Loomis Chaffee is a coeducational boarding and day school serving grades 9 through 12, plus a postgraduate (PG) year. It has been coed for much of its history, educating boys and girls together. Most students enter in 9th or 10th grade and continue through graduation, living on campus as boarders or attending as day students from the surrounding area, blending residential and local enrollment.
It is an informal admissions association of ten historic, highly regarded Northeastern boarding schools that collaborate on outreach, including Loomis Chaffee, Hill, Lawrenceville, Phillips Exeter, Phillips Andover, Choate, Deerfield, Hotchkiss, Taft, and St. Paul’s. Membership signals a school’s standing among the elite boarding institutions. Families often compare these peers when weighing options, since they share rigorous academics and strong college placement records.
Boarding students live on campus full-time in dormitories and are immersed in the residential community around the clock, while day students attend classes and many activities but live at home in the surrounding area. Loomis Chaffee enrolls a mix of boarders and day students.

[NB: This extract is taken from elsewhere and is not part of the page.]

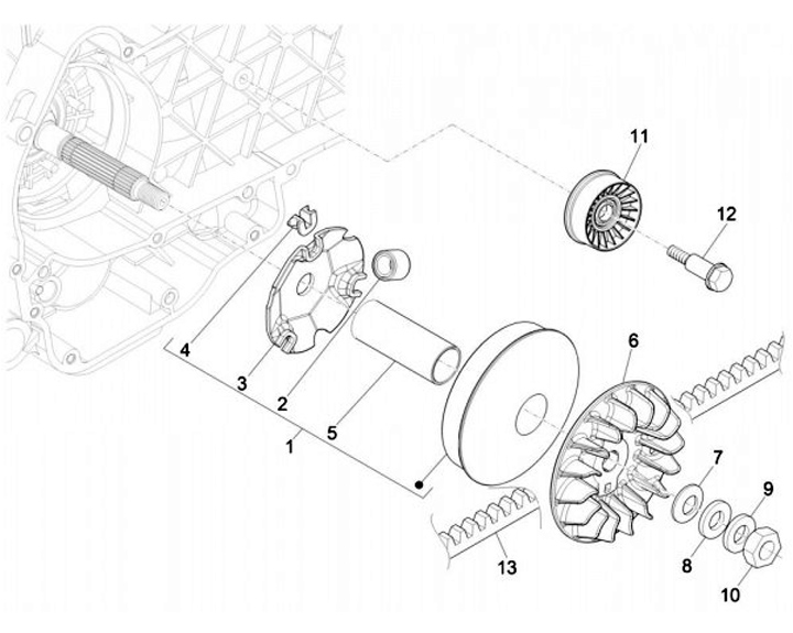 Variator -PIAGGIO- Vespa GTS 300 (ZAPM45200, ZAPM45202, ZAPMA3300), Vespa GTS Super 300 (ZAPM45200, ZAPM45202, ZAPMA3300), Vespa GTS Super Sport 300 (ZAPM45200), Vespa GTV 300 (ZAPM45201, ZAPMA3302), Aprilia Atlantic 250 (ZD4SPE), Aprilia Atlantic 300 (

The boarding experience is central to its identity, offering structured study, advising, and community life, though day enrollment can suit local families seeking the academics without residence.

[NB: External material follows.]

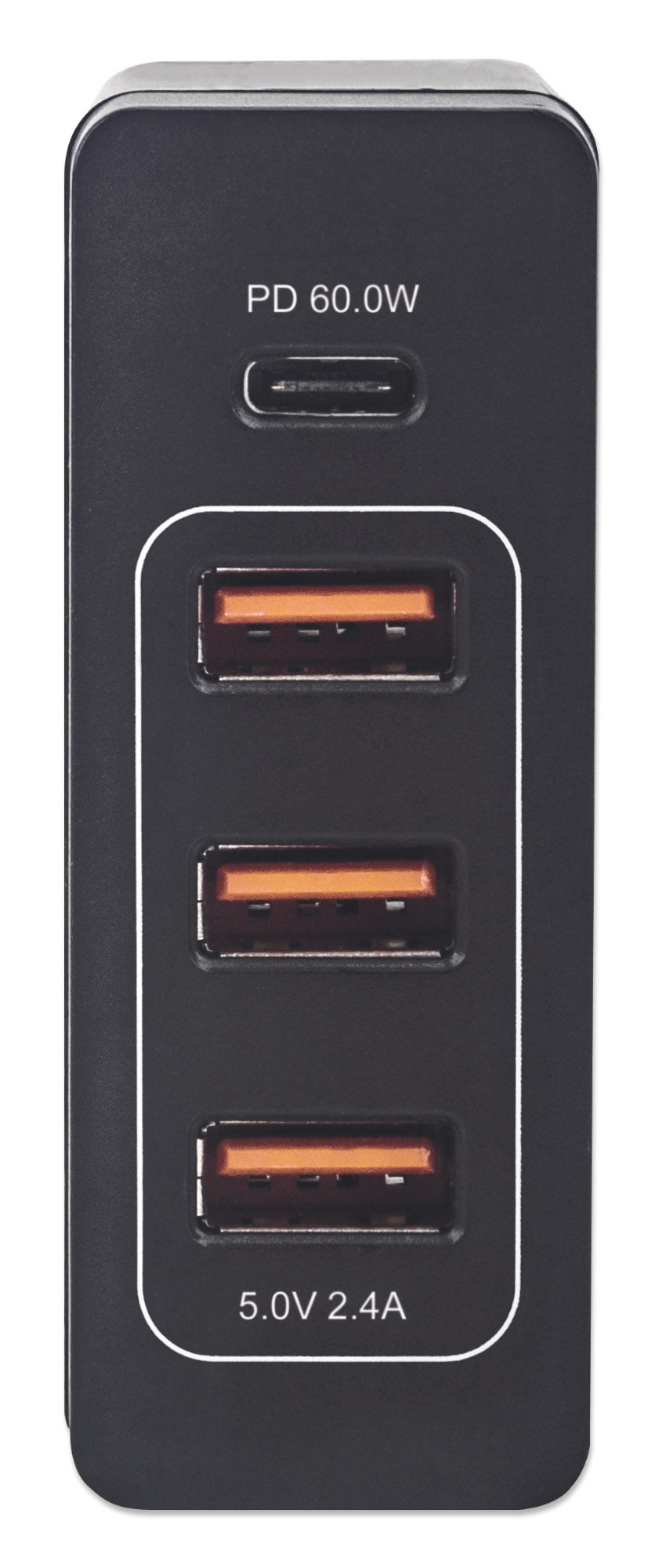 Una porta USB-C Power Delivery fino a 60 W, tre porte di ricarica USB-A condividono fino a 12 W / 2.4 A, Nero

Yes; Loomis Chaffee provides need-based financial aid and is committed to access, awarding assistance to qualifying families based on demonstrated financial need through a separate aid application during admissions. Like most boarding schools, it does not generally offer merit scholarships; aid is determined by financial circumstances. Because boarding tuition is substantial, families seeking support should apply for aid alongside the admission application rather than waiting until after a decision.
Loomis Chaffee, like most boarding schools, has typically used the SSAT (Secondary School Admission Test) as its standardized testing component, though it has adopted test-flexible or test-optional policies in recent years and some schools accept the ISEE. Applicants also complete interviews, essays, and recommendations. Because testing requirements change between cycles, families should confirm the current policy on the school’s admissions site for their application year.
No; while Loomis Chaffee sends many graduates to selective colleges through rigorous academics and dedicated college counseling, attendance guarantees nothing, and admission to top universities has grown intensely competitive even for boarding-school students. The school helps by preparing students academically and supporting their applications, but each student must still excel and present a compelling case. Treating any elite school as an automatic path to a top college is a costly misconception.
Residential life centers on dormitories where students live with housemates and faculty advisors nearby, structured around academics, supervised study hours, athletics, arts, and weekend activities. The all-in community fosters close friendships, independence, and mentorship from faculty who often live on campus. Days are full and scheduled, blending classes, sports, and dorm life, so students gain maturity and time-management skills while being supported within a close-knit boarding environment.
Sources: The Loomis Chaffee School Office of Admission; Loomis Chaffee Application Process; Wikipedia institutional history; Boarding School Review profile; National Center for Education Statistics; Gateway to Prep School Application.